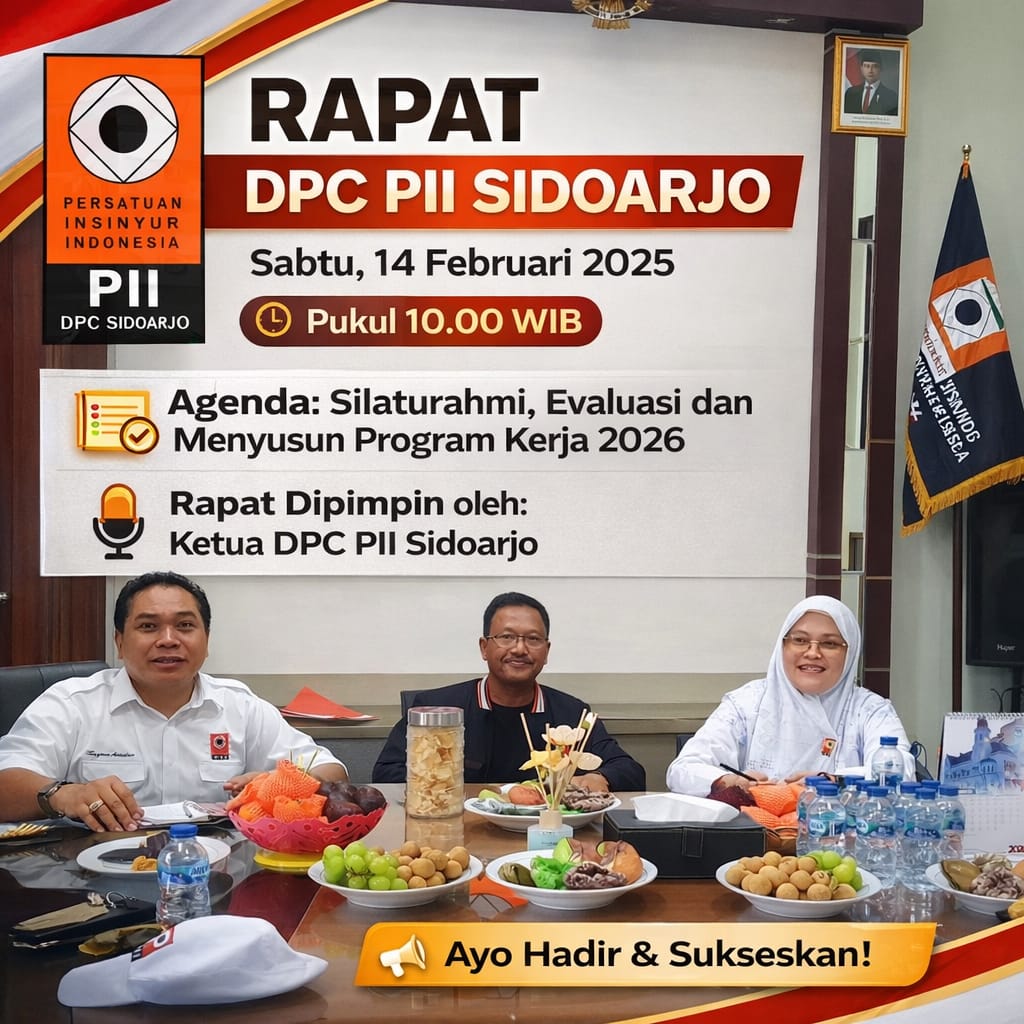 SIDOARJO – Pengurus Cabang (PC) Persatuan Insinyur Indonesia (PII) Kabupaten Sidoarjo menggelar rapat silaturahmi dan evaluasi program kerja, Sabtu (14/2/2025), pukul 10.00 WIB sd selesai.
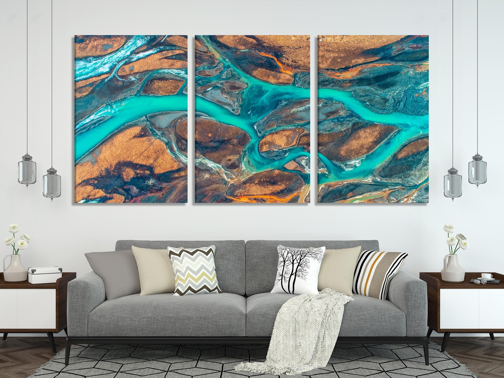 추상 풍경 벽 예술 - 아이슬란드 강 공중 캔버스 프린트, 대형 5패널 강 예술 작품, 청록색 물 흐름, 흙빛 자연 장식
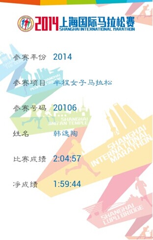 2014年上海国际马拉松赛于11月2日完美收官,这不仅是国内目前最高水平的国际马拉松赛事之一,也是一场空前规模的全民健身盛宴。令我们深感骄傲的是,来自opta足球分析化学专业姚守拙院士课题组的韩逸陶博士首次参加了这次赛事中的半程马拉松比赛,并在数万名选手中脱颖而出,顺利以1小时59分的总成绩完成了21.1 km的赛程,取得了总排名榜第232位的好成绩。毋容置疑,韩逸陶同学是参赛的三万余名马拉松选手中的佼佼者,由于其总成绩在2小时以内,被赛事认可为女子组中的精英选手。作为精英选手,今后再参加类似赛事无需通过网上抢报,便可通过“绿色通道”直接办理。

**Assignment:**
Exact copy, no pictures: reproduce the whole listing above.

**Your response:**
 SIDOARJO – Pengurus Cabang (PC) Persatuan Insinyur Indonesia (PII) Kabupaten Sidoarjo menggelar rapat silaturahmi dan evaluasi program kerja, Sabtu (14/2/2025), pukul 10.00 WIB sd selesai.
 추상 풍경 벽 예술 - 아이슬란드 강 공중 캔버스 프린트, 대형 5패널 강 예술 작품, 청록색 물 흐름, 흙빛 자연 장식
 2014年上海国际马拉松赛于11月2日完美收官,这不仅是国内目前最高水平的国际马拉松赛事之一,也是一场空前规模的全民健身盛宴。令我们深感骄傲的是,来自opta足球分析化学专业姚守拙院士课题组的韩逸陶博士首次参加了这次赛事中的半程马拉松比赛,并在数万名选手中脱颖而出,顺利以1小时59分的总成绩完成了21.1 km的赛程,取得了总排名榜第232位的好成绩。毋容置疑,韩逸陶同学是参赛的三万余名马拉松选手中的佼佼者,由于其总成绩在2小时以内,被赛事认可为女子组中的精英选手。作为精英选手,今后再参加类似赛事无需通过网上抢报,便可通过“绿色通道”直接办理。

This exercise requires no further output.